Jennifer looked over to Robin and his mouse. ‘Tully, uh-uh! Absolutely not! He is taken!’

‘Ohhhh. Jennifer! Pooh! I want you to be a good host and introduce me to him.’

‘Tully, he is taken.’

‘Be a good host, will ya, Jen?’ said Tully into Jennifer’s ear. ‘Just introduce me.’ And she stared intently into Jennifer’s open face. Jennifer sighed.

‘Robin,’ she said, standing up and walking over to him. ‘I don’t think you know Tully. Robin, this is Tully. Gail, you must know Tully from school. Are you in any of the same classes?’

‘No,’ said Gail. ‘We’ve never met, but I have certainly heard of Tully.
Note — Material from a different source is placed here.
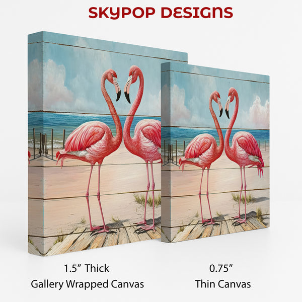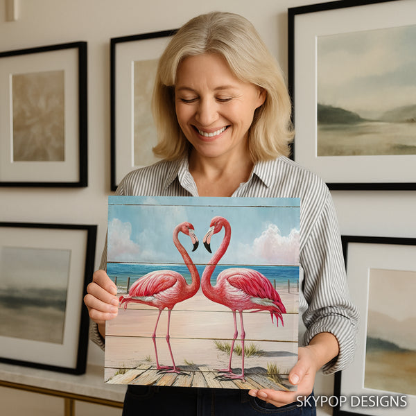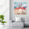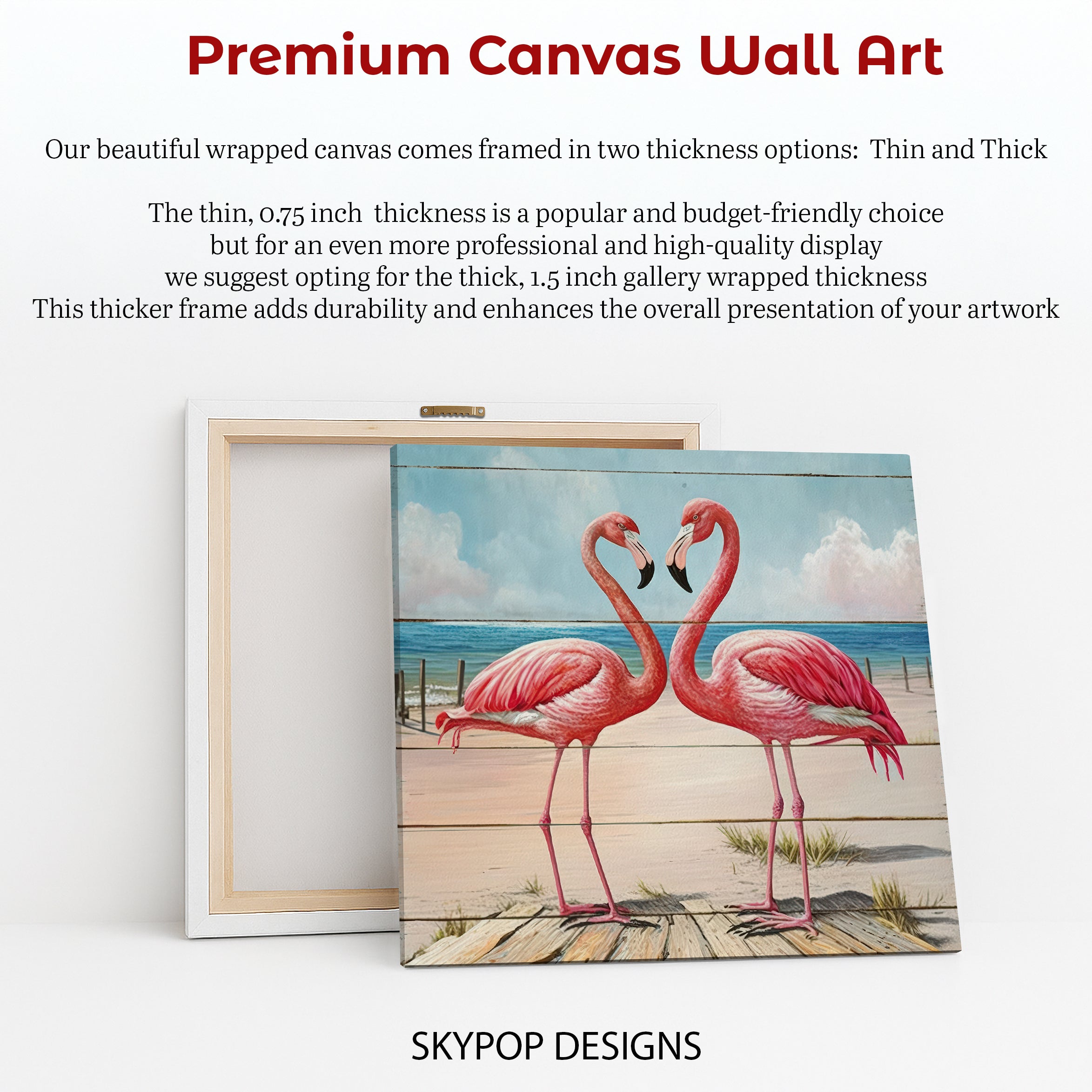 Bring the tropics into your home with this stunning flamingo canvas wall art, capturing the essence of a serene beach sunset. This captivating poster features two elegant flamingos with their necks forming a heart shape, symbolizing love and tranquility. The vibrant pink hues of the flamingos pop against the calming blues of the ocean and sky, creating a striking visual that will transform any room. Perfect for coastal or bohemian decor, this canvas wall art elevates your living room, bedroom, or dining room with its natural beauty. The detailed brushwork and realistic portrayal of the flamingos, set against a backdrop of sandy shores and gentle waves, make this artwork a true statement piece. This high-quality canvas art is ideal for adding a splash of color and a touch of nature-inspired elegance to your home. It's a perfect gift for birthdays, housewarmings, or holidays, bringing a sense of warmth and joy to any recipient's space. The vibrant yet soothing color palette enhances the mood of your home, creating a peaceful and inviting atmosphere. Showcase your love for nature and vibrant color with this unique flamingo painting, a beautiful addition to any wall decor collection. This versatile piece of wall art is sure to be a conversation starter and a cherished addition to your home decor. Experience the beauty of nature and elevate your space today with this breathtaking flamingo canvas.
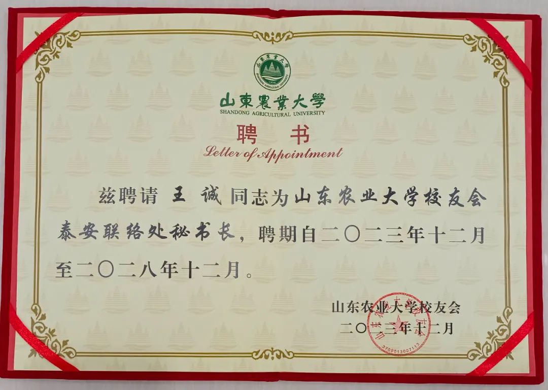 董事長王誠被聘為泰安校友聯(lián)絡(luò)處秘書長

Tully Makker, right?’

‘Well, that’s funny,’ said Tully. ‘Because I have never heard of you.’

‘Nice to meet you,’ said Robin.

‘Robin’s father,’ Jennifer continued, ‘is an old friend of my father’s. In fact, my dad started out working for your dad, right?’

‘Right,’ said Robin. ‘A number of years back.’

Tully stretched out her hard, small hand to Robin, who took it into his hard, wide hand. Tully did not offer her hand to Gail, who sat back and said nothing.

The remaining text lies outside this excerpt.